1. The shape of the loop

For the 1 The shape of stage, define the inputs, the owner of the step, and the exit criteria before changing code. Operators should be able to re-run the step from a known checkpoint without guessing hidden state. Prefer small, testable units over sprawling scripts. When a step fails, the failure should point at a single responsibility rather than a tangled pipeline. Authenticate at the gateway and re-authorize at the data plane. A bearer token alone is not a tenancy boundary.

2. Declaring the tools

For the 2 Declaring the tools stage, define the inputs, the owner of the step, and the exit criteria before changing code. Operators should be able to re-run the step from a known checkpoint without guessing hidden state. Treat this stage as a contract between inputs and validated outputs. Name the artifacts, define success checks, and refuse silent partial completion. Authenticate at the gateway and re-authorize at the data plane. A bearer token alone is not a tenancy boundary.

"tools": [
  {
    "name": "get_calendar_event",
    "description": "Look up a calendar event by a natural-language query. Returns the event's start time and location.",
    "strict": true,
    "input_schema": {
      "type": "object",
      "properties": {
        "query": { "type": "string", "description": "What to search for, e.g. 'meeting in London tomorrow'" }
      },
      "required": ["query"],
      "additionalProperties": false
    }
  },
  {
    "name": "get_weather",
    "description": "Get the forecast for a city on a given date. Returns condition and temperature in Celsius.",
    "strict": true,
    "input_schema": {
      "type": "object",
      "properties": {
        "city": { "type": "string", "description": "City name, e.g. 'London'" },
        "date": { "type": "string", "description": "ISO date, e.g. '2026-07-14'" }
      },
      "required": ["city", "date"],
      "additionalProperties": false
    }
  },
  {
    "name": "get_travel_time",
    "description": "Estimate door-to-door travel time between two places. Returns minutes.",
    "strict": true,
    "input_schema": {
      "type": "object",
      "properties": {
        "origin": { "type": "string", "description": "Starting location" },
        "destination": { "type": "string", "description": "Ending location" }
      },
      "required": ["origin", "destination"],
      "additionalProperties": false
    }
  }
]

2.1. Input only — there is no output or error schema

For the 2 1 Input only stage, define the inputs, the owner of the step, and the exit criteria before changing code. Operators should be able to re-run the step from a known checkpoint without guessing hidden state. Record timings and token or query cost next to functional results. Cost visibility early prevents surprise bills when the path moves from demo to shared environments. Authenticate at the gateway and re-authorize at the data plane. A bearer token alone is not a tenancy boundary. For the 2 1 Input only stage, define the inputs, the owner of the step, and the exit criteria before changing code. Operators should be able to re-run the step from a known checkpoint without guessing hidden state.
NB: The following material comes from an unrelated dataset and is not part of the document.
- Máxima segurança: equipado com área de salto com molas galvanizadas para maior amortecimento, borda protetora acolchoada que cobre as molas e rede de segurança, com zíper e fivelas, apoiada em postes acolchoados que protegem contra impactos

Document the happy path and the recovery path together. Retries, human gates, and dead-letter handling are part of the product, not later polish.
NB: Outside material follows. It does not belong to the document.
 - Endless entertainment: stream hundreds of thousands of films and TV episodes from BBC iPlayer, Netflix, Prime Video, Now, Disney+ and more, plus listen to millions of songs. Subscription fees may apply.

2.2. Controlling when Claude calls a tool

When working through the 2 2 Controlling when stage, write down the contract first: required inputs, success signal, and what happens on partial failure. That checklist keeps later code changes honest. Prefer small, testable units over sprawling scripts. When a step fails, the failure should point at a single responsibility rather than a tangled pipeline. Log tool name, args hash, latency, and outcome for every call. Debugging agent loops without that trail wastes hours.

{
  "type": "auto" | "any" | "tool" | "none",
  "name": "get_weather",              // required ONLY when type is "tool"
  "disable_parallel_tool_use": false  // optional; default false
}
response = client.messages.create(
    model="claude-opus-4-8",
    max_tokens=1024,
    tools=tools,
    tool_choice={"type": "any", "disable_parallel_tool_use": True},  # must call exactly one tool
    messages=messages,
)

3. Iteration 1 — Claude requests tools

When working through the 3 Iteration 1 Claude stage, write down the contract first: required inputs, success signal, and what happens on partial failure. That checklist keeps later code changes honest. Treat this stage as a contract between inputs and validated outputs. Name the artifacts, define success checks, and refuse silent partial completion. Log tool name, args hash, latency, and outcome for every call. Debugging agent loops without that trail wastes hours.
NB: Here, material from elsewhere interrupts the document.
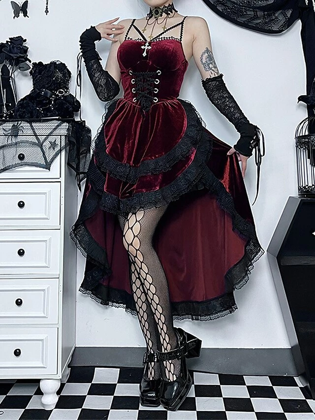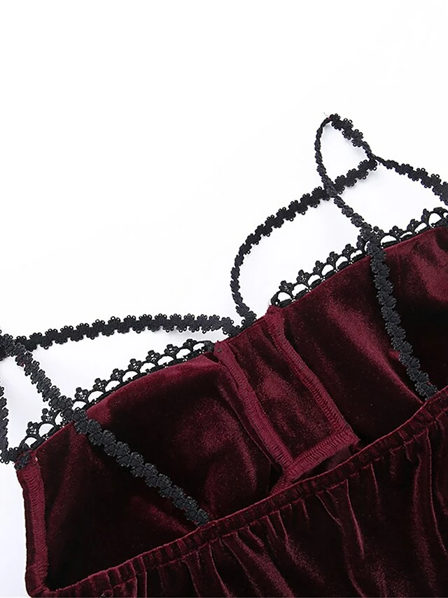 Women’s Party Dress Lace Dress Cocktail Dress Midi Dress Black Wine Purple Sleeveless Pure Color Lace Spring Fall Winter Spaghetti Strap Fashion Halloween Birthday Wedding Guest 2023 S M L

messages = [{"role": "user",
             "content": "I have a meeting in London tomorrow
                         — should I bring an umbrella, and
                         when should I leave home to be on time?"}]

response = client.messages.create(
    model="claude-opus-4-8",
    max_tokens=1024,
    tools=tools,                    # the three strict definitions from Section 2
    tool_choice={"type": "auto"},   # let Claude decide whether, and what, to call
    messages=messages,
)
{
  "id": "msg_01...",
  "role": "assistant",
  "stop_reason": "tool_use",
  "content": [
    { "type": "text", "text": "Let me check your meeting details and the London forecast." },
    { "type": "tool_use", "id": "toolu_01Cal", "name": "get_calendar_event",
      "input": { "query": "meeting in London tomorrow" } },
    { "type": "tool_use", "id": "toolu_01Wx", "name": "get_weather",
      "input": { "city": "London", "date": "2026-07-14" } }
  ]
}
tool_calls = [block for block in response.content if block.type == "tool_use"]

4. Executing the tools

When working through the 4 Executing the tools stage, write down the contract first: required inputs, success signal, and what happens on partial failure. That checklist keeps later code changes honest. Record timings and token or query cost next to functional results. Cost visibility early prevents surprise bills when the path moves from demo to shared environments. Log tool name, args hash, latency, and outcome for every call. Debugging agent loops without that trail wastes hours. When working through the 4 Executing the tools stage, write down the contract first: required inputs, success signal, and what happens on partial failure. That checklist keeps later code changes honest. Document the happy path and the recovery path together. Retries, human gates, and dead-letter handling are part of the product, not later polish.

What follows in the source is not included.